Je me servis d'un mouchoir de soie blanche puis, frotta énergiquement le tissu imbibé avant de provoquer mon interlocuteur d'un irritable " Satisfait ?".
Il rit avant de perdre tout son sourire, laissant une moue mesquine orner ses lèvres blanchâtres. Le brusque changement me surprit d'un bond, je compris réellement combien je restais impuissante.
Après tout, si les hommes surpassent les monstres c'est uniquement grâce à leur caractère malsain, m'avait prévenu mon ancien mentor.
La pièce s'était-elle aussi brusquement assombrie. Sans que je ne m'en aperçoive, la nuit commençait à pointer. C'est vrai qu'ici les journées sont courtes, à Ladsen.
Se mêlant à l'étrange atmosphère installé, le manque de luminosité soulignait la mine emplie de désirs avares de Klaus Hênnes. Il en perdait toute sa splendeur.
- " Je ne suis pas encore satisfait. Mais, je suppose que je peux bien te le pardonner, après tout, il faut être bien idiote pour quitter de son gré une demeure aussi majestueuse que la tienne. D'ailleurs, sans ton escapade, tes parents n'auraient pas été contraints de me donner ta main. Grâce à toi, j'atteindrais enfin mon but !" poursuivait le mauvais homme.

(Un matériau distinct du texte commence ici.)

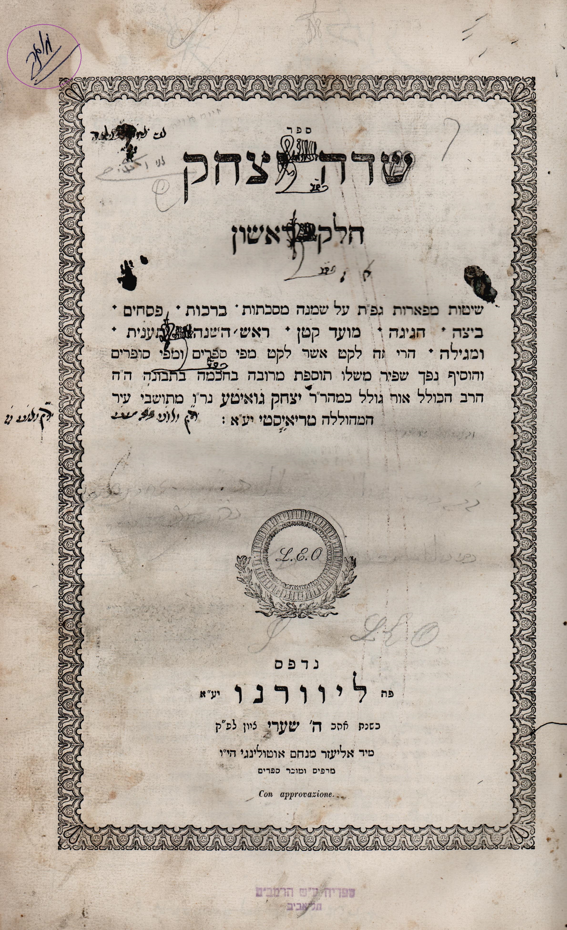 גואטה יצחק, שדה יצחק. ליוורנו, תר"ו 1846
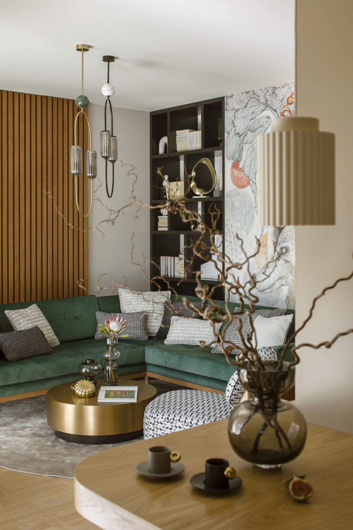 Projekt wnętrza został oparty na wyraźnych preferencjach inwestorki. Jednym z pierwszych życzeń była welurowa sofa w butelkowej zieleni – mebel, który zdeterminował paletę całego mieszkania. Zielenie, złamane beże, ciepłe drewno i złote akcenty wypełniają przestrzeń, budując atmosferę nowoczesnej elegancji z duszą. Sercem salonu jest autorska tapeta, czyli artystyczna grafika Justyny Stoszek, nawiązująca do symboliki siły, wolności i harmonii. To nie tylko element dekoracyjny, ale też wyraz osobowości właścicielki, świadomej siebie, ale głęboko zakorzenionej w naturze.
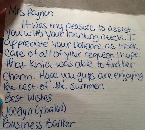 It makes me happy to think there are still wonderful people in this world, even though all we hear is the negative. This is a special thank you to Jocelyn from Capital One who I do not know and I may never know. You put a bright smile on my daughters face today.
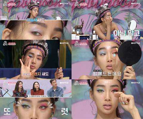 이어 봄느낌이 나는 메이크업을 위해 다양한 아이 메이크업 제품을 덧바른 뒤 “라이너를 얇지만 길게 빼겠다”며 문가비 특유의 라이너 비법을 공개했다.
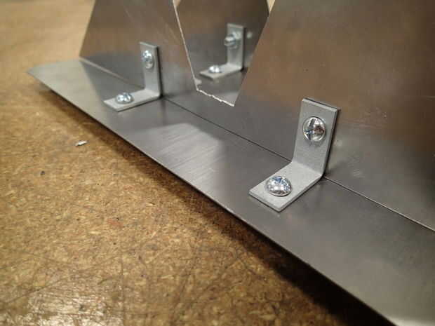 - después de decidir cómo ancho desea que cada compartimento que, colocar los montajes divisor-soporte en la bandeja y marque donde los agujeros necesitan ser perforado
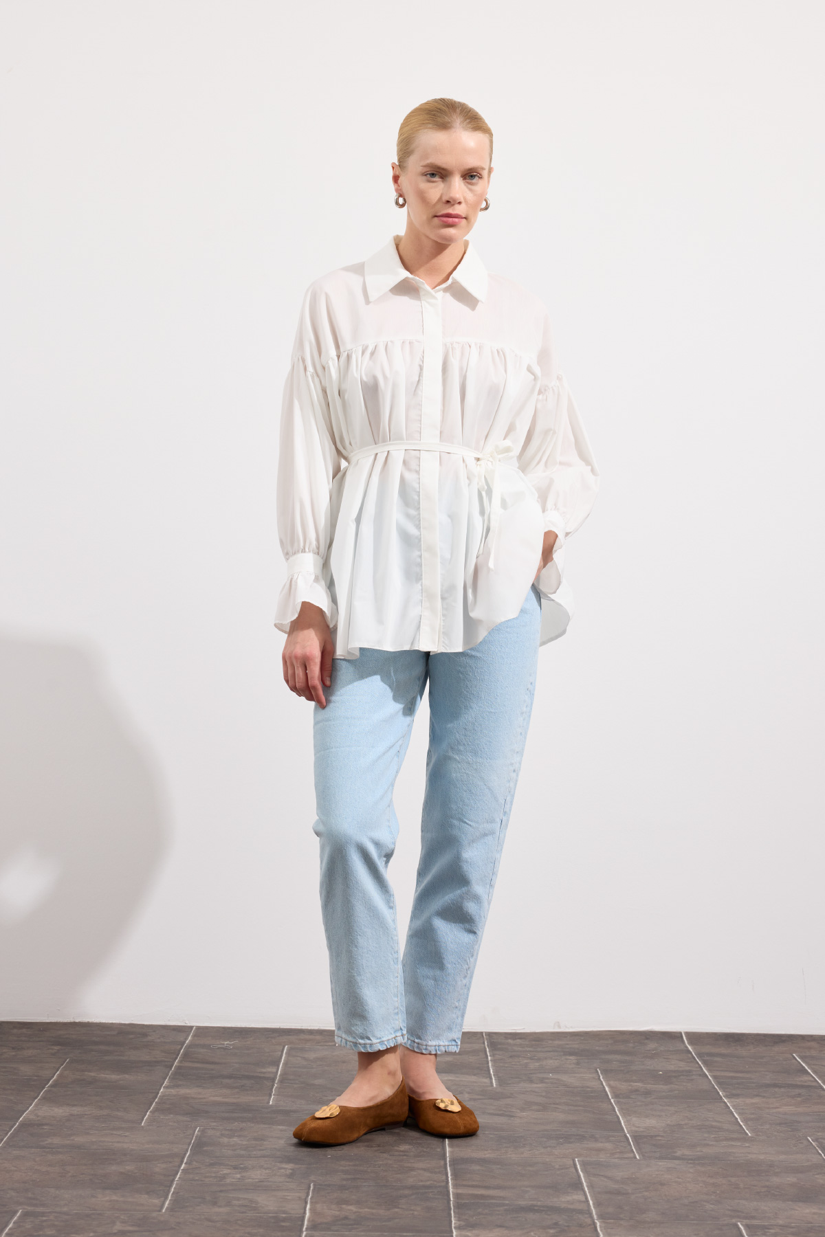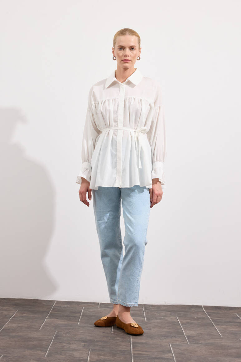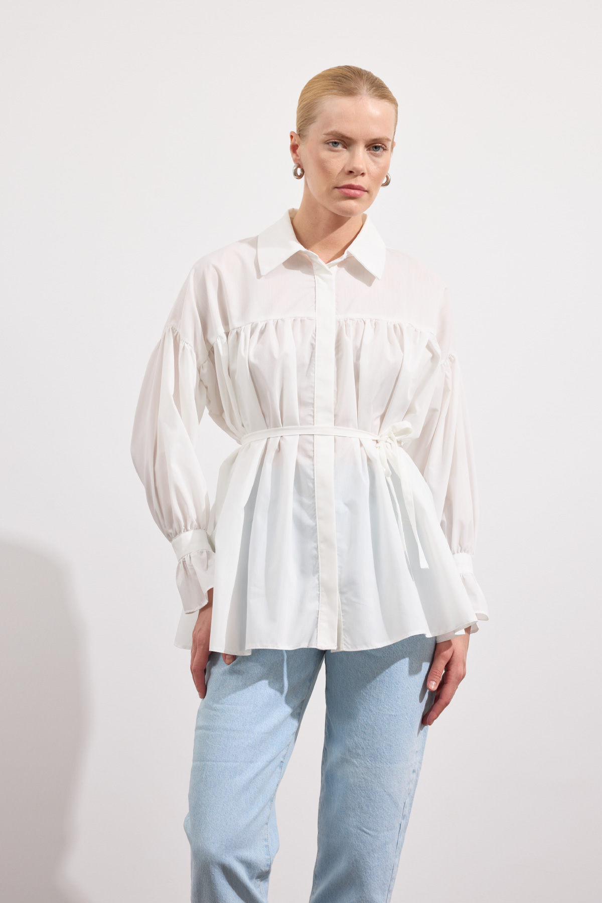 Beden boyunca büzgü detayı, pamuk içerikli, bel kısmı ip biyeli, gizli pat düğmeli, kol manşeti büzgülü ekstra parçalı.
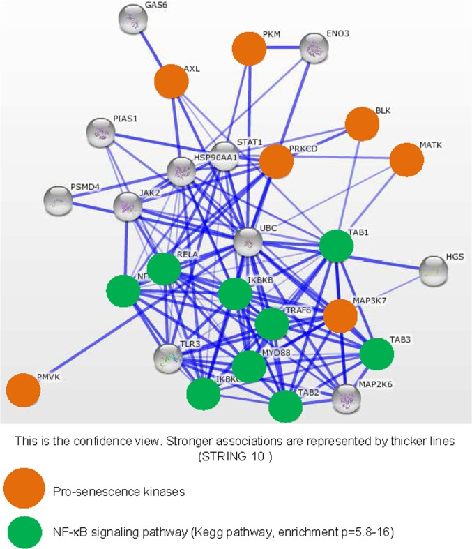 A functional approach on the strongest pro-senescent kinases demonstrates that they all share a common network with NF-κB transcriptional factors and this has been functionally confirmed as NF-κB inhibition is sufficient to block SASP components induction by these kinases. NF-κB is also regulating other intracellular targets showing that senescent cells display a broad chronic NF-κB activation beyond the sole SASP components induction. Focusing on two other pro-senesence pathways, the p53 and p16/Rb pathways, we further demonstrate that inactivation of either one is insufficient to prevent the senescence induced by the identified kinases in normal human fibroblasts. Nevertheless, combined inhibition of p53 and NF-κB is sufficient to reverse senescence by some but not all the pro-senescence kinases tested, suggesting common and distinct pro-senescence pathways induced by the tested kinases.
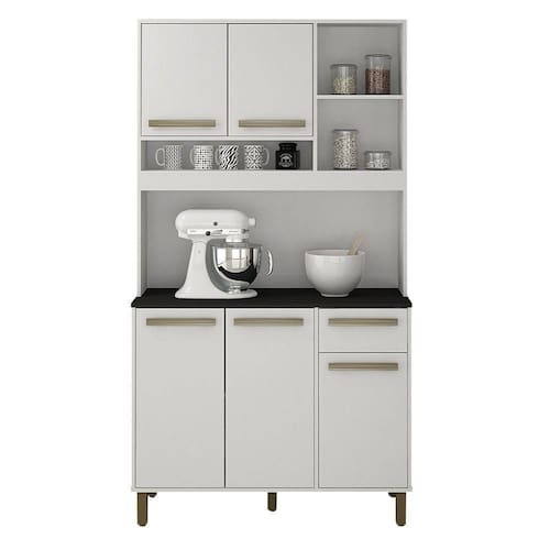 Espaco para organizar tudo o que voce precisa e um design pensado para deixar o seu comodo de chef mais bonito: essas vantagens voce so encontra no Armario Ametista. Unindo compartimentos internos essenciais, ela recebe bem os utensilios, panelas, loucas e embalagens de alimentos, alem de acomodar tambem aqueles eletrodomesticos indispensaveis para um dia a dia mais pratico. Enquanto isso, por fora, a estrutura tradicional, que se encaixa muito bem no ambiente, carrega uma coloracao sobria que e reforcada pelos puxadores discretos, perfeitos para quem quer acrescentar charme a decoracao sem deixar de lado a elegancia de uma peca versatil.
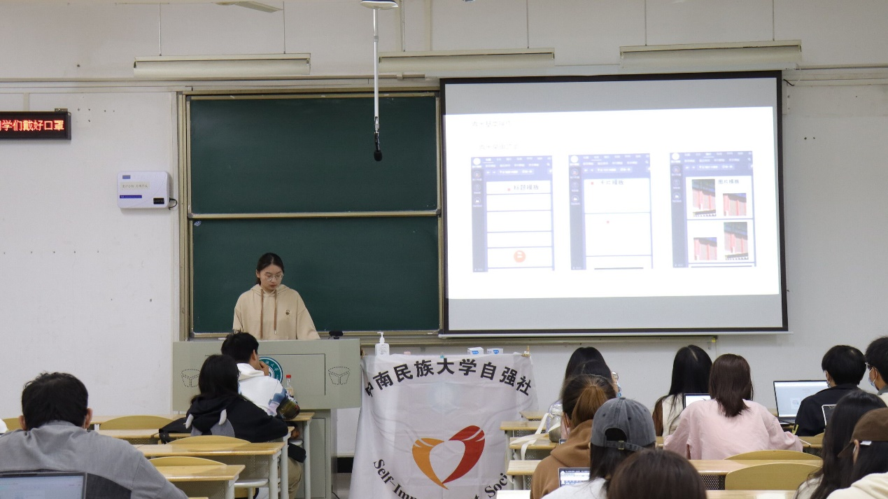 第一课时由张坤主讲,她以“秀米操作与公众号运营”为主题,从常用功能、基本格式等方面深入浅出地讲解了秀米编辑器的基本操作,又从编辑图文、自动回复等方面入手介绍了公众号运营的技巧。就如何增加阅读量的问题,张坤表示应在排版标准、页面边距、设置关键词等方面下功夫。在答疑环节中,张坤与学员们热情交流,回答了一系列关于推文写作的问题。第二课时由牟琪主讲,她立足于自强社具体宣传工作,从排版、配图等方面提出自己的观点与改进意见,以思维导图的形式建立知识网络,并结合错误案例使学员进一步深化了对推文写作的认知。最后,牟琪向学员布置了以“民大初印象”为主题的推文作业。
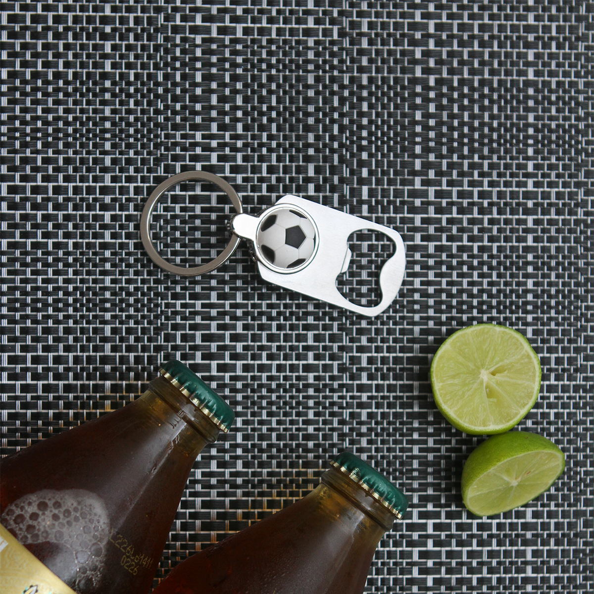 Descripción del producto: Llavero fabricado en acero inoxidable con destapador integrado y detalle decorativo de balón de fútbol. Funcional, duradero y con un toque deportivo ideal para aficionados. |
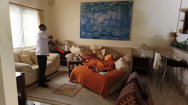 Setiba di TKP, kedua saksi langsung masuk ruangan melalui pintu depan karena kondisi pintu depan korban tidak terkunci.
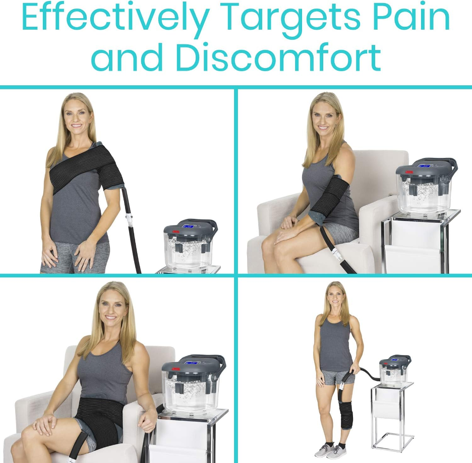 This incredibly powerful therapy machine can offer relief from the pain associated with knee, shoulder, ankle, cervical, back, leg, hip, and ACL injuries. The Vive Cold Therapy Machine features an adjustable ice cryo cuff that offers a flexible cryotherapy freeze kit system for targeted relief.
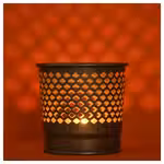 Свет свечи проходит через прорези в металле, создавая декоративные орнаменты и уютную атмосферу.
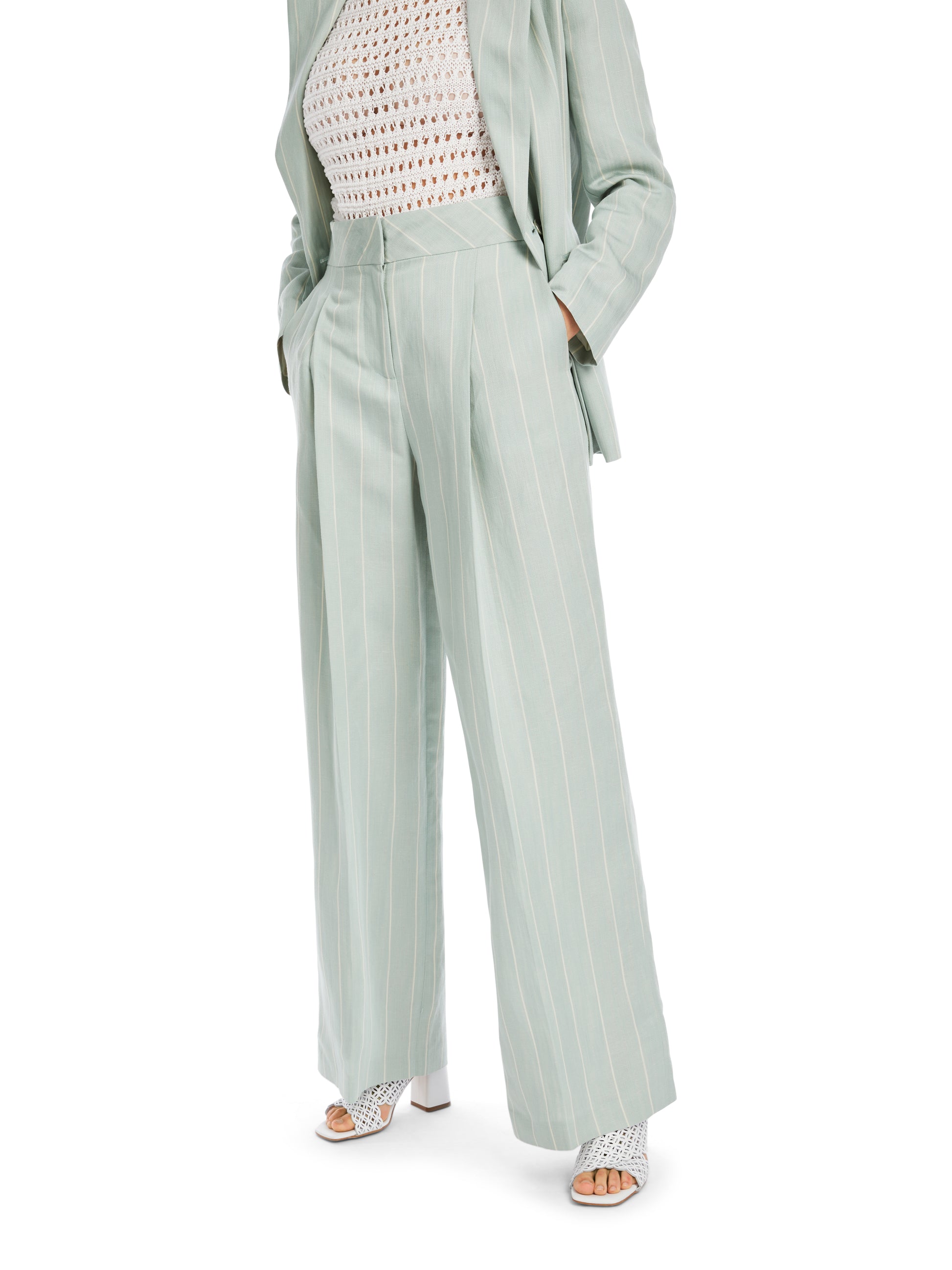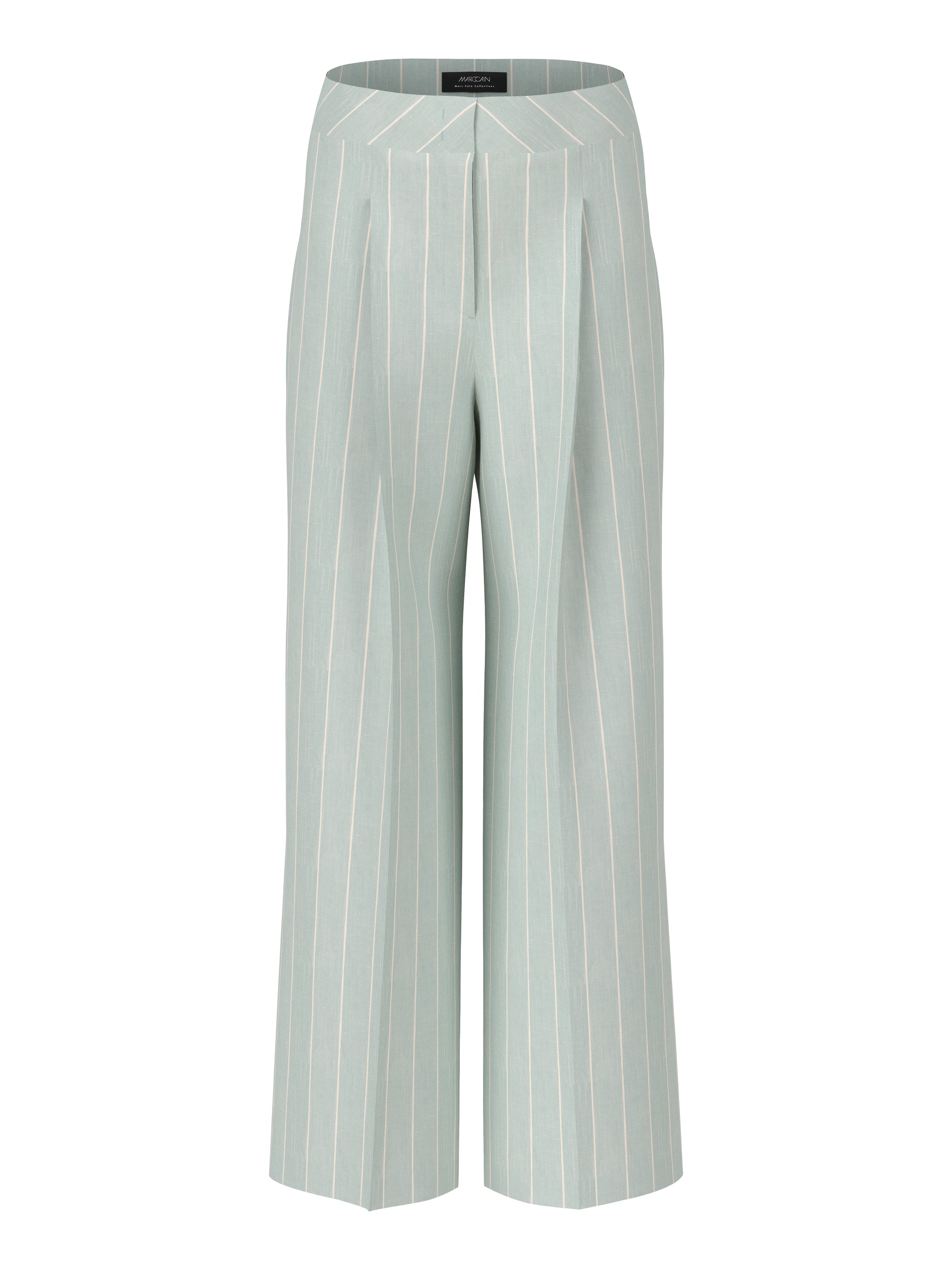 The WICHITA are a wide-cut pair of pleated trousers in the puddle pants style: the waist is high and the leg is extra-long. Made from an elegant viscose/linen blend, these trousers are soft and flowing and feel cool against the skin. The pinstripe is also cool. Great in in an overall look with the matching blazer.

Debout, face à face, seule la faible lueur du crépuscule réussissant à traverser les nuages nous permettaient de distinguer nos visages respectifs. Son regard d'acier n'avait plus rien de fascinant, il était même repoussant. Mais, sans se laisser vaincre par un simple regard noir, il annonça d'un air dément la finalité qu'il espérait :
- " Grâce à toi, grâce à tes facéties, je détruirais enfin ta famille ! Il ne restera plus que Lamarquise ! J'aurais enfin le contrôle de tout Ladsen, non du pays. Je vais avoir un véritable empire et je pourrais prendre la tête du pays ! Oui, grâce à tes caprices d'enfant gâté, j'aurais la tête du roi."
- " La... tête du roi ?" répétais-je, incrédule.